Friday, 6 May 2011

Environmental regulations grease wheels for another US utility merger

5 May 2011
If regulators give the green light to a proposed merger of US utilities Exelon and Constellation Energy, the combined company will be in a better position to finance the continued transition to cleaner energy sources, which in the US goes beyond renewables to include natural gas and clean coal.

Utilities are pursuing potential consolidations in the face of Environmental Protection Agency (EPA) regulations that will force them to consider closing or retrofitting coal-fired units, a capital-intensive effort. The Exelon-Constellation Energy proposed merger comes just months after Duke Energy and Progress Energy announced plans to form a super-utility to replace their aging coal fleet.

“I think this represents a trend that will continue in the utility industry,” said Clinton Vince, Washington-based chairman of the energy-transport-infrastructure practice at law firm SNR Denton. “I think scale matters in this day and age.”

The market capitalisation of a combined Exelon and Constellation Energy would be around $34 billion, with an enterprise value of $52 billion. Constellation’s shareholders will receive 0.930 shares of Exelon common stock in exchange for each share of Constellation common stock. Based on Exelon’s closing share price on 27 April, the value would be $38.59 per share, or $7.9 billion in total equity value.

The total power generating capacity of the combined company would be 34.4GW, with 55% derived from nuclear generation, 24% from natural gas, 13% from oil and coal facilities, and 8% from renewables and hydro.

“It maintains our focus on clean energy,” said Exelon chairman and CEO John Rowe. “We see value in clean fleets. This transaction adds more clean generation to the mix.”

Media reports have speculated that the proposed merger would revive Constellation Energy’s abandoned plans to build a nuclear unit at its Calvert Cliffs facility in Maryland. “That is simply not the case,” Rowe said. “At today’s gas prices, you can’t build a new nuclear plant in a competitive marketplace.”

Divestment and ratepayer rewards offered to satisfy regulators
The companies anticipate finalising the merger in early 2012, if they secure approval from shareholders and regulators.
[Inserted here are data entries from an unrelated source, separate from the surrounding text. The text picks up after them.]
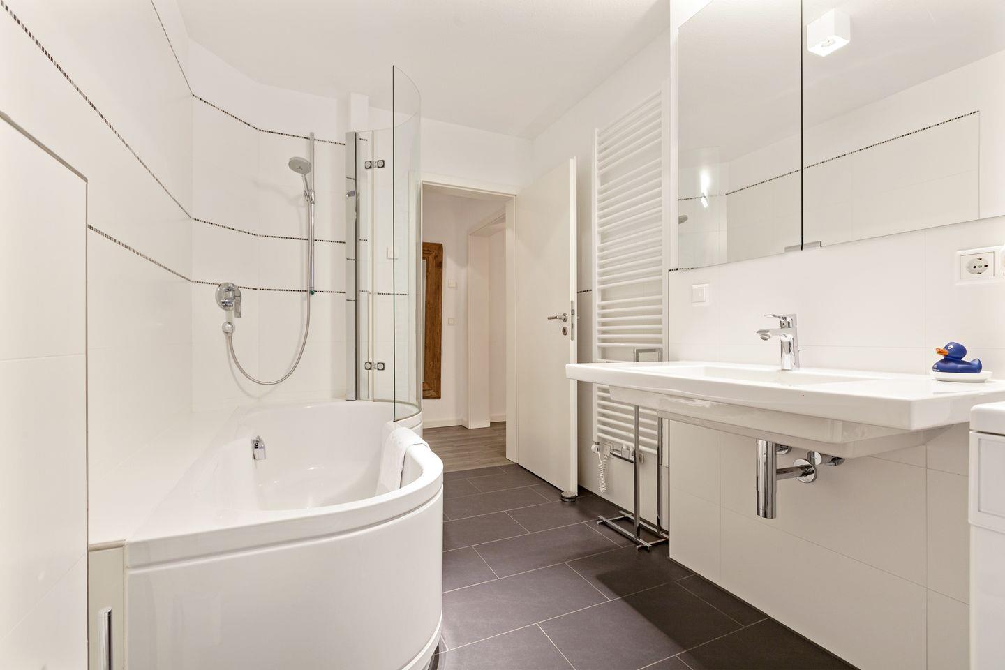 EG: Freuen Sie sich auf Ihren luftigen und sehr geschmackvoll möblierten Wohnbereich. Die edlen Eichendielen schaffen eine fantastische Wohnatmosphäre. Die Möblierung ist äußerst geschmackvoll, kein Detail ist zu viel, aber auch keines zu wenig. Die Formensprache des Designs Ihres Logis ist klar, aber dennoch versprüht alles sehr viel Charme, Wäreme und lädt zum Kuscheln ein.
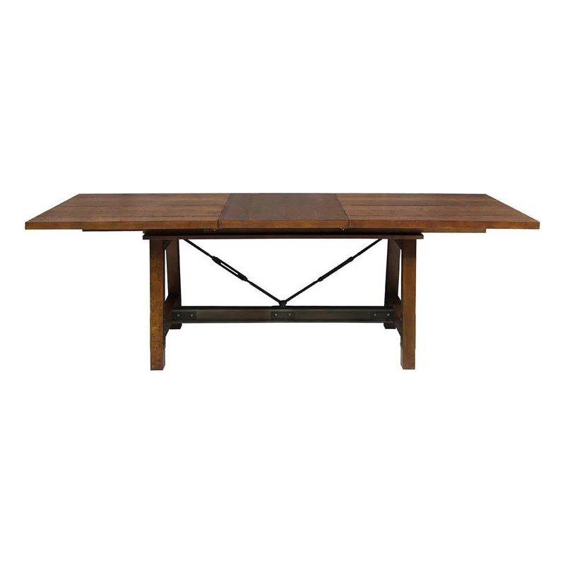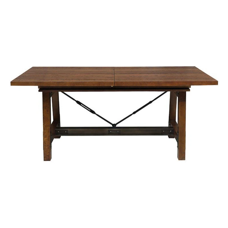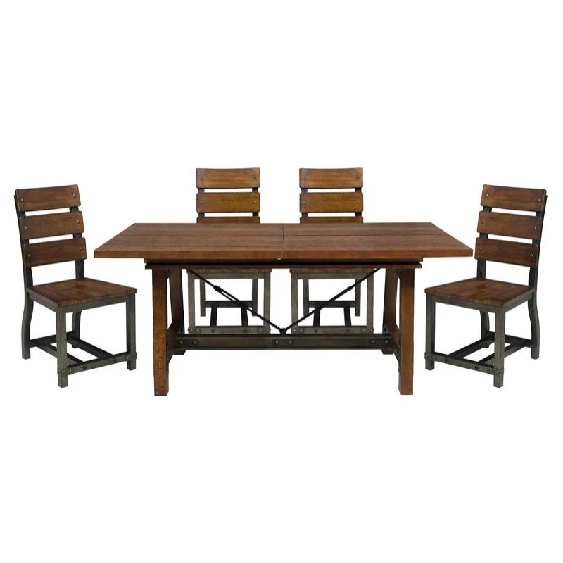 Heavily influenced by industrial design, the Holverson Collection will lend a unique look to your personal space. Gunmetal finished wood framing provides sturdy structure and profile to each piece in this collection. Faux rivets provide additional detail to the metal bracketing that is prominently on display. A rustic brown milk crate finish is utilized to highlight the acacia veneer. Rectangular dining height table allows for perfect placement within your casual dining space. Side chair for both table heights present the opportunity to customize seating to fit your lifestyle.
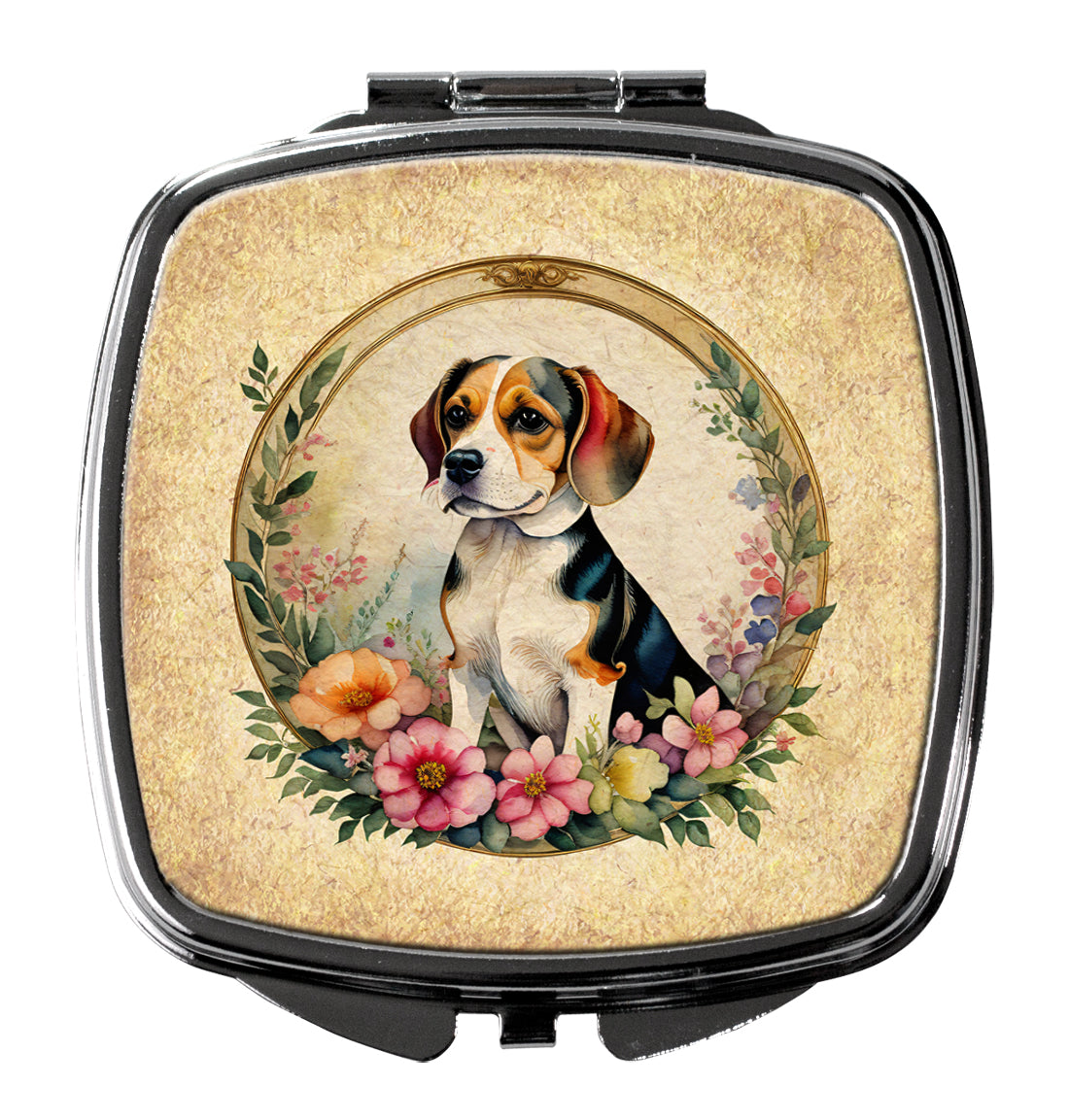 Beagle and Flowers Compact Mirror
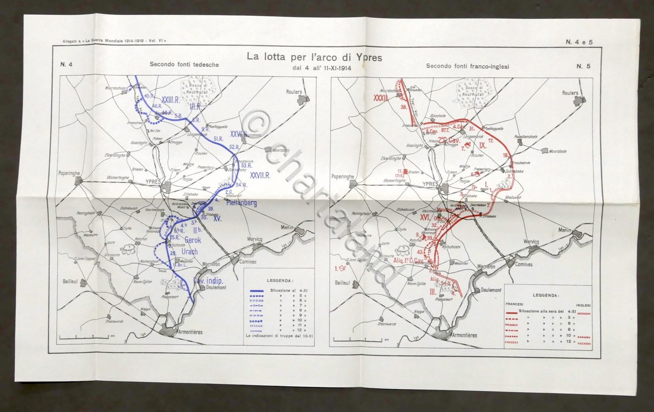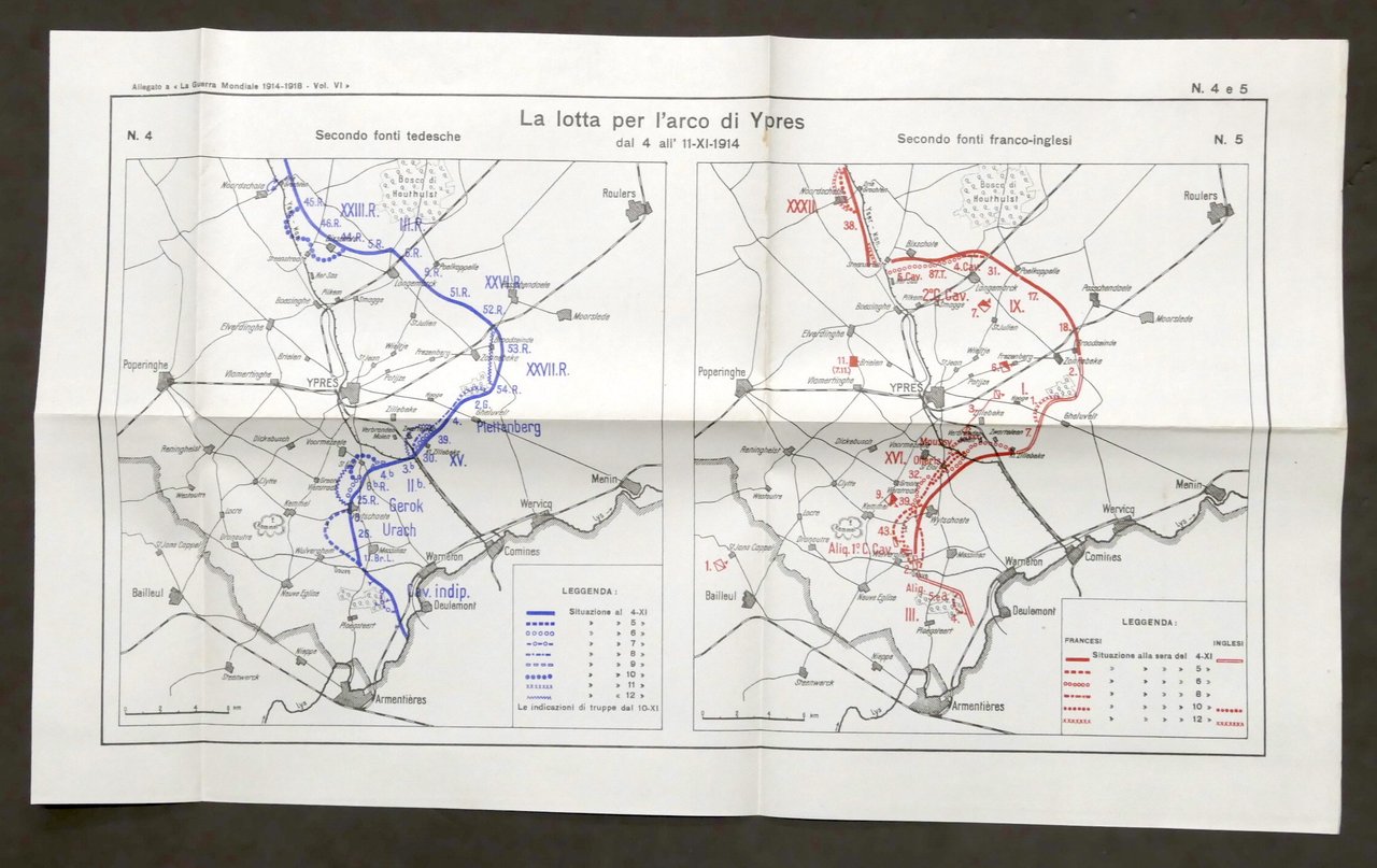 Ministero della guerra, Comando del corpo di Stato Maggiore, Ufficio storico La Guerra mondiale 1914-1918 - Compilazione dell'archivio di stato germanico - Traduzione del generale di divisione Ambrogio Bollati. Vol. VI, La Campagna autunnale del 1914, Il termine delle operazioni nell'Ovest e nell'est - ed. 1931 Pag. 581. Completo delle 21 tavole allegate. Condizioni generali molto buone. Piccoli segni del tempo.
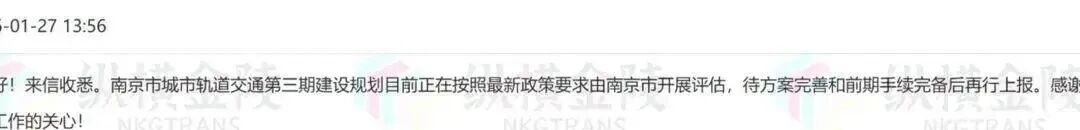 就在近日,省发改委回复问政信息:“南京市城市轨道交通第三期建设规划,目前正在按照最新政策要求由南京市开展评估,待方案完善和前期手续完备后再行上报。”

Several state and federal regulators must give the deal the green light, including the Federal Energy Regulatory Commission, the Nuclear Regulatory Commission and the Maryland Public Service Commission.

“There’s nothing that leaps out as a huge problem from their filing,” Vince at SNR Denton said.

The companies believe they will be required to divest three Constellation generating stations located in the Pennsylvania-New Jersey-Maryland territory, the only market where there is a material generation overlap. The stations include baseload coal-fired generation units plus associated gas and oil units, and have a total capacity of 2,648MW.

“This is a modest portion of our combined expected 2012 generation,” said Constellation chairman, president and CEO Mayo Shattuck, who will become executive chairman of the combined company while Exelon president and COO Christopher Crane becomes president. Rowe plans to retire.

The companies have also committed to directly invest more than $250 million in Maryland, including providing a $100 credit to each customer of utility Baltimore Gas & Electricity (BGE), $5 million for a state programme to assist low-income customers, $10 million in annual charitable giving for 10 years and a pledge not to cut BGE jobs for at least two years.

“Usually state regulators want to see some benefits shared with the ratepayers,” Vince said. “It looks like the merging partners have already begun to address that so the question is will the state regulators think that’s generous enough.”

The companies seem determined to avoid the fate of Constellation Energy’s proposed acquisition by FPL Group, which collapsed in 2006 amid concerns about skyrocketing local electricity rates, a key focus for state regulators.

“It’s almost like a 50-50 type track record” for utility mergers, said Paul Fremont, managing director of investment bank Jefferies.